__BRIEF__
Could you print the stretch of lines below from the one with "由於傳統住宅大樓的大廳機能通" through the one with "Kancelářský regál JOHAN", exactly as they stand and without any pictures?

__MATERIAL SHOWN__
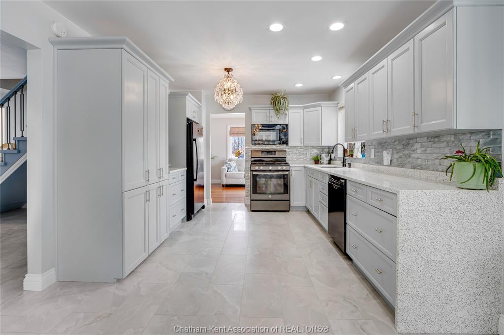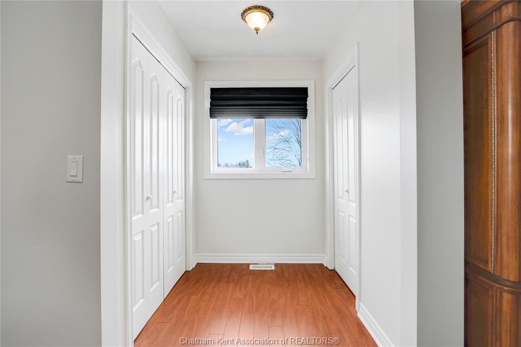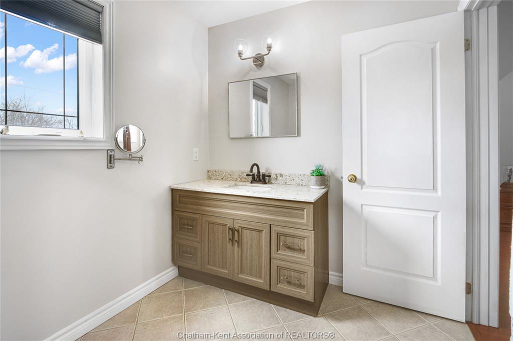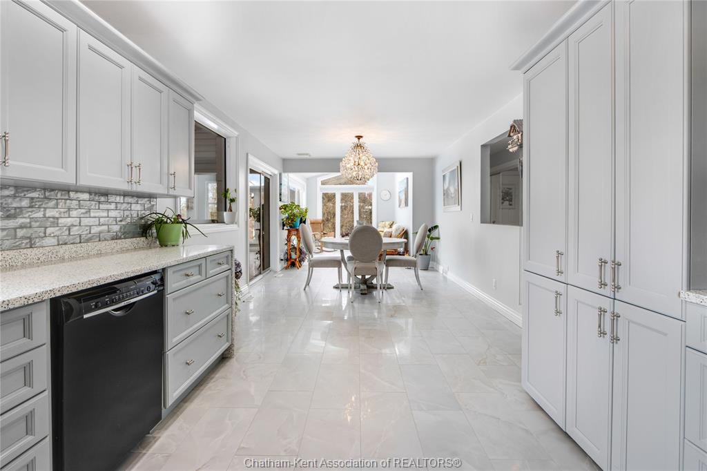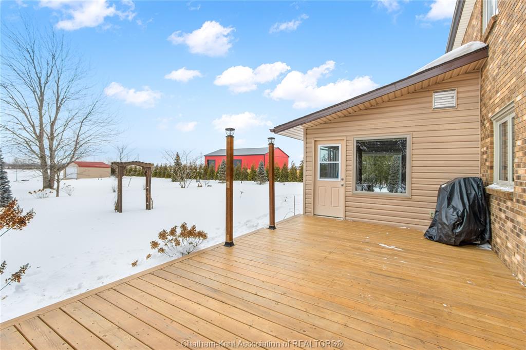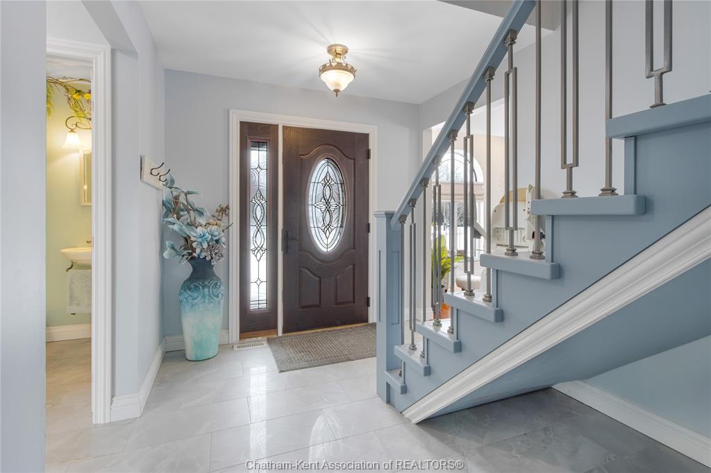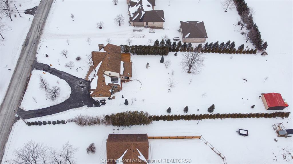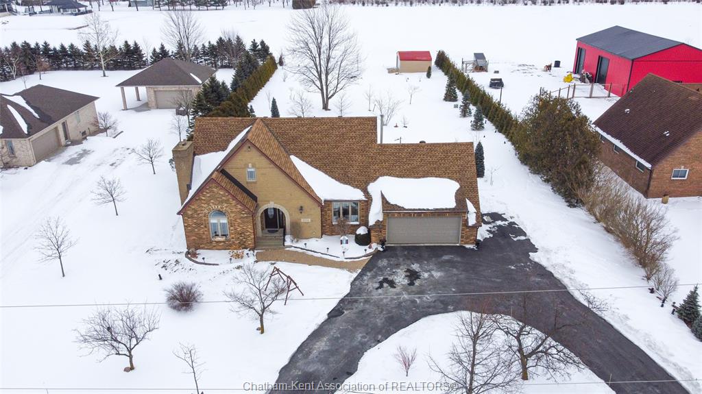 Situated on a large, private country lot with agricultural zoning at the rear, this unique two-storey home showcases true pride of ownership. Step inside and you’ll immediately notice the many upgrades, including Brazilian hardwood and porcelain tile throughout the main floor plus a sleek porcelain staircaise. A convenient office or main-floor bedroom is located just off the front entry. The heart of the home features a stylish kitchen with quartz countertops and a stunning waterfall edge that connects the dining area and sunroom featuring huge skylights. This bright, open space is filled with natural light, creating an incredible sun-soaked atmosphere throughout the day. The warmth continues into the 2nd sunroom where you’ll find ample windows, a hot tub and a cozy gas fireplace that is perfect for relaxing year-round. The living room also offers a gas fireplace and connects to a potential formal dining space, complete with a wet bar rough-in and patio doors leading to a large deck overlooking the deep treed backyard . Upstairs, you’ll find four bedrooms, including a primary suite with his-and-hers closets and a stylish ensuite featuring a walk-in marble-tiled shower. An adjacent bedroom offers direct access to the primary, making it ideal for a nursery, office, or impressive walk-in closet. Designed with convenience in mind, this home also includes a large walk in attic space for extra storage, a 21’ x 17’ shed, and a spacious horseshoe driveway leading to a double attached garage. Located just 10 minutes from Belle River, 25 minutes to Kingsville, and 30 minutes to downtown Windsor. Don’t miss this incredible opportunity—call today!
---
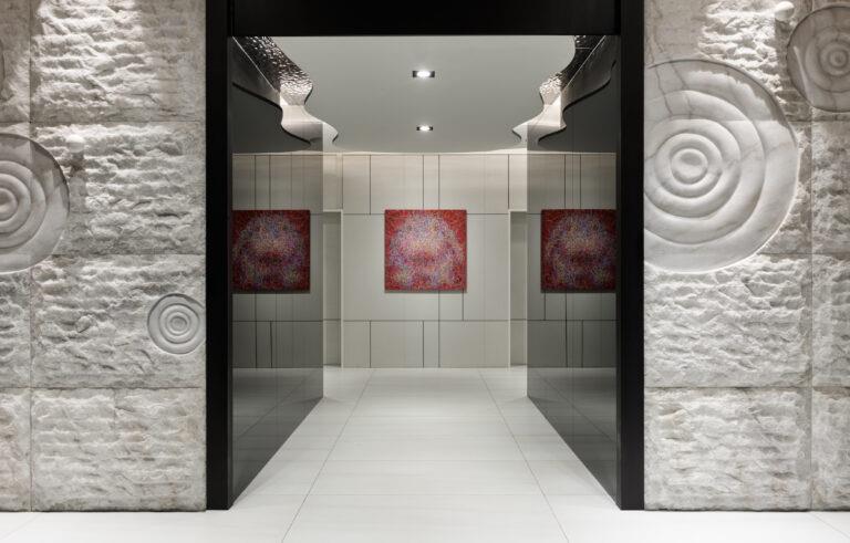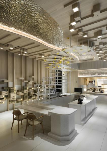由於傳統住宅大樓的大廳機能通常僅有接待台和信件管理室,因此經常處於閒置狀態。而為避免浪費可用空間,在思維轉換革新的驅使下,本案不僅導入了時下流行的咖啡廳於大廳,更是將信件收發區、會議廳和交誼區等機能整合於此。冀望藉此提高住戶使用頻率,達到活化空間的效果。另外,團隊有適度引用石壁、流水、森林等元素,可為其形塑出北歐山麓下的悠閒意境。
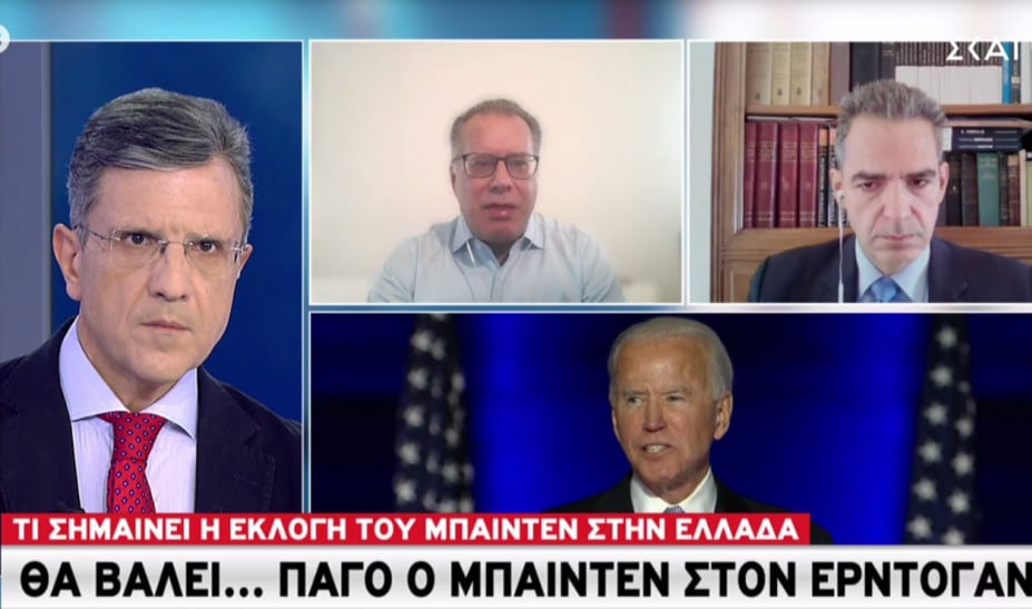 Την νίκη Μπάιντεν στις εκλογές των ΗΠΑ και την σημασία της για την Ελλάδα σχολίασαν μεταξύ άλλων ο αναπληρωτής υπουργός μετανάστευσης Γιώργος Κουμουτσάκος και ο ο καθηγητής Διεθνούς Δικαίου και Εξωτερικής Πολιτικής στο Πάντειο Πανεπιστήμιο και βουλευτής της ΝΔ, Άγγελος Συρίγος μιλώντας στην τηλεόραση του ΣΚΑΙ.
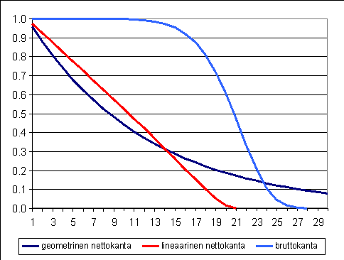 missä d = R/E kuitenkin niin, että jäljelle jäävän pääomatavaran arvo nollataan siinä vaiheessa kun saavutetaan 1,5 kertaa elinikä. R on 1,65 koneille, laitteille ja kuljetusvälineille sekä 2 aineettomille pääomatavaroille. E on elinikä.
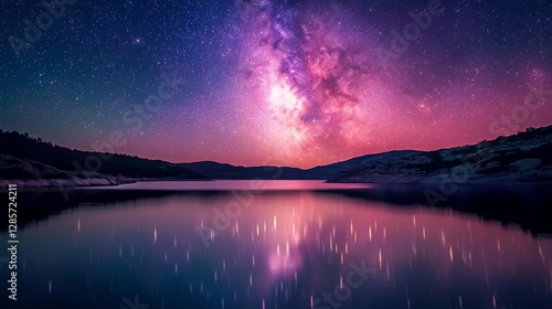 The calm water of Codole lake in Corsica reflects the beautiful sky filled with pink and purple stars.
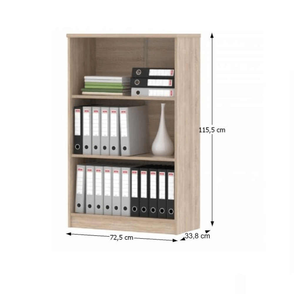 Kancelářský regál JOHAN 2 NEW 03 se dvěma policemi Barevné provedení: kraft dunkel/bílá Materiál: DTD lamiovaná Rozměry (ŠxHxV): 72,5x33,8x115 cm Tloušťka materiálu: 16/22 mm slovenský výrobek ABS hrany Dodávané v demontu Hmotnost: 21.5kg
---
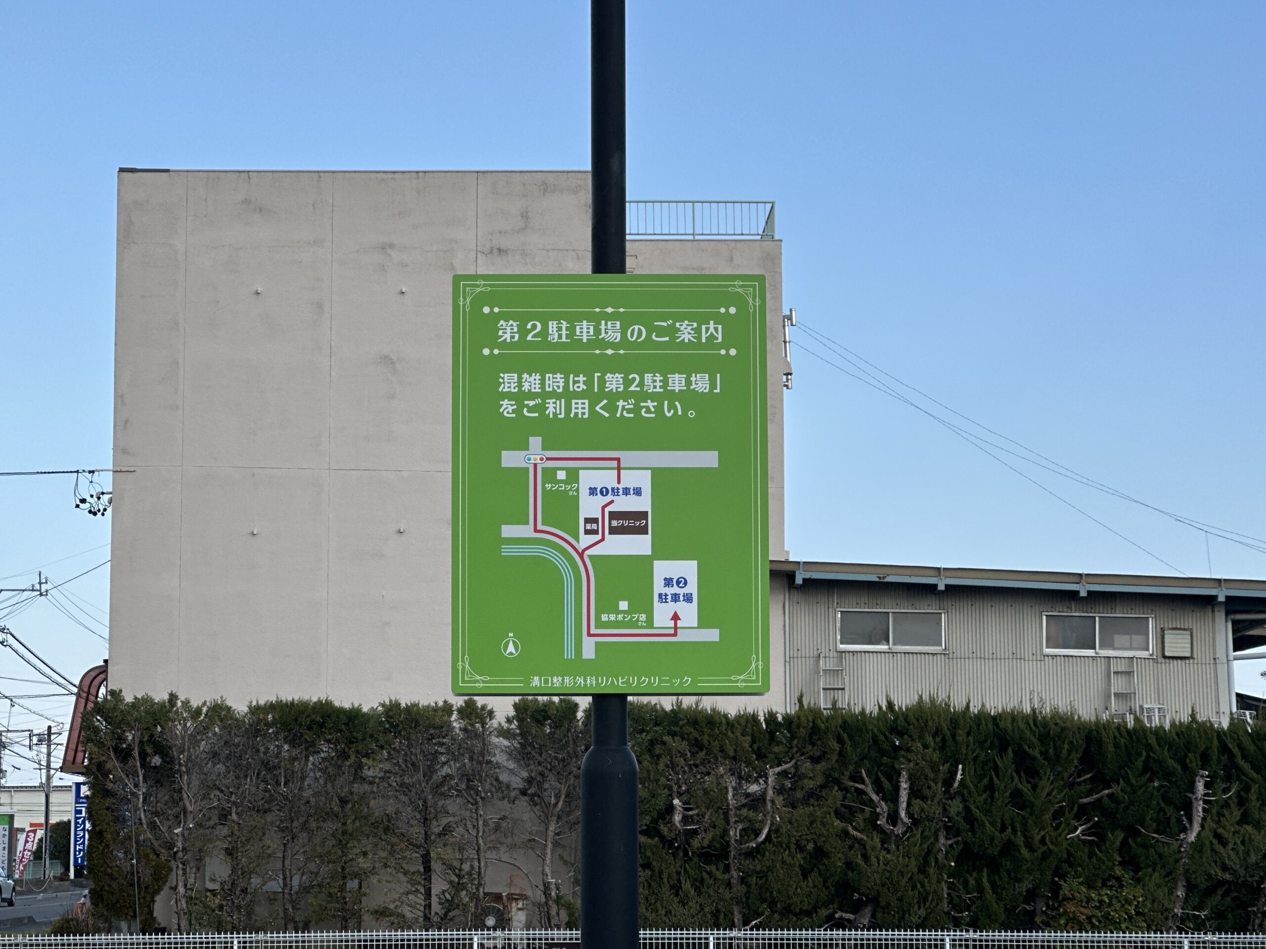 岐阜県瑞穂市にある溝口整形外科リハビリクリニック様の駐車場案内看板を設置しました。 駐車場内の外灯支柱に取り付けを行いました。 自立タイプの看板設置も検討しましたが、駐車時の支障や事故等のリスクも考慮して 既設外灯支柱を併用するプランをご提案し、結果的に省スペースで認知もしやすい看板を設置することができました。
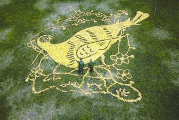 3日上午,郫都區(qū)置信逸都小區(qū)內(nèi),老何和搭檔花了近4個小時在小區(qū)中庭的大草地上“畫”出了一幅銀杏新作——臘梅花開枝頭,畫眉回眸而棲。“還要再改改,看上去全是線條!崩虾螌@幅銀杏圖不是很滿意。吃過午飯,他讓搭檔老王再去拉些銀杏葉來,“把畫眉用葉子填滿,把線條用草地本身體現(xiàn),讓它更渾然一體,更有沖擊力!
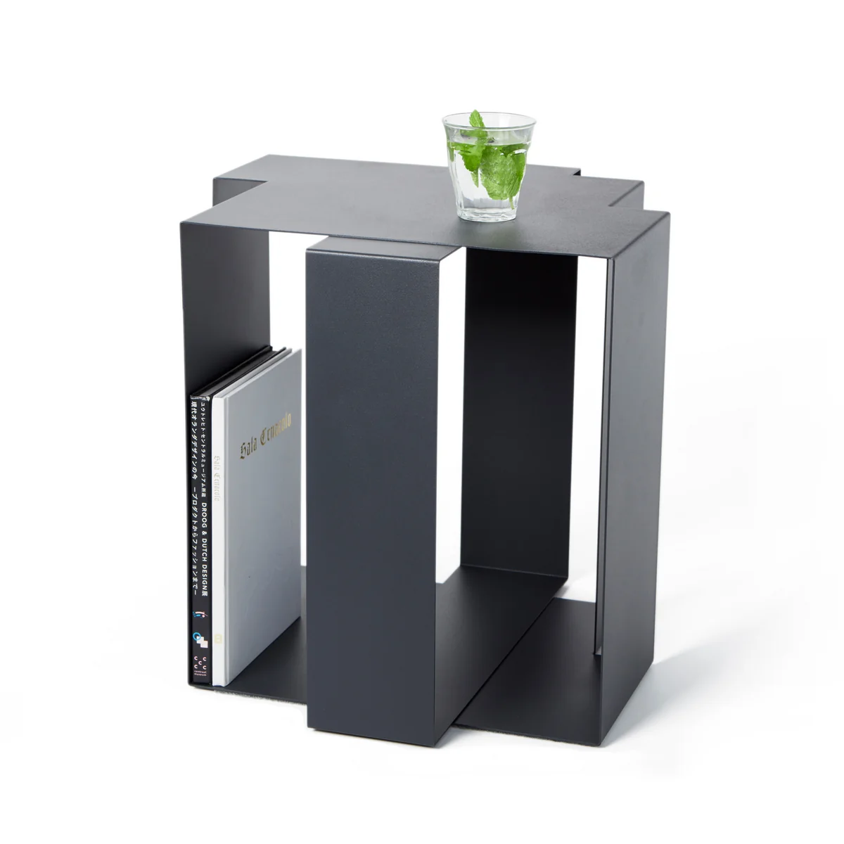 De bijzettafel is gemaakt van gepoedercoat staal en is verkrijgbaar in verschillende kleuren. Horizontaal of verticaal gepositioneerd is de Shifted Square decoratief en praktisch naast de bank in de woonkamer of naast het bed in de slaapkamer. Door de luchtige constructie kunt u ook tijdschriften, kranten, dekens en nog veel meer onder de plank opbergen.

__RESULT FOR THIS EXERCISE__
由於傳統住宅大樓的大廳機能通常僅有接待台和信件管理室,因此經常處於閒置狀態。而為避免浪費可用空間,在思維轉換革新的驅使下,本案不僅導入了時下流行的咖啡廳於大廳,更是將信件收發區、會議廳和交誼區等機能整合於此。冀望藉此提高住戶使用頻率,達到活化空間的效果。另外,團隊有適度引用石壁、流水、森林等元素,可為其形塑出北歐山麓下的悠閒意境。
 Την νίκη Μπάιντεν στις εκλογές των ΗΠΑ και την σημασία της για την Ελλάδα σχολίασαν μεταξύ άλλων ο αναπληρωτής υπουργός μετανάστευσης Γιώργος Κουμουτσάκος και ο ο καθηγητής Διεθνούς Δικαίου και Εξωτερικής Πολιτικής στο Πάντειο Πανεπιστήμιο και βουλευτής της ΝΔ, Άγγελος Συρίγος μιλώντας στην τηλεόραση του ΣΚΑΙ.
 missä d = R/E kuitenkin niin, että jäljelle jäävän pääomatavaran arvo nollataan siinä vaiheessa kun saavutetaan 1,5 kertaa elinikä. R on 1,65 koneille, laitteille ja kuljetusvälineille sekä 2 aineettomille pääomatavaroille. E on elinikä.
 The calm water of Codole lake in Corsica reflects the beautiful sky filled with pink and purple stars.
 Kancelářský regál JOHAN 2 NEW 03 se dvěma policemi Barevné provedení: kraft dunkel/bílá Materiál: DTD lamiovaná Rozměry (ŠxHxV): 72,5x33,8x115 cm Tloušťka materiálu: 16/22 mm slovenský výrobek ABS hrany Dodávané v demontu Hmotnost: 21.5kg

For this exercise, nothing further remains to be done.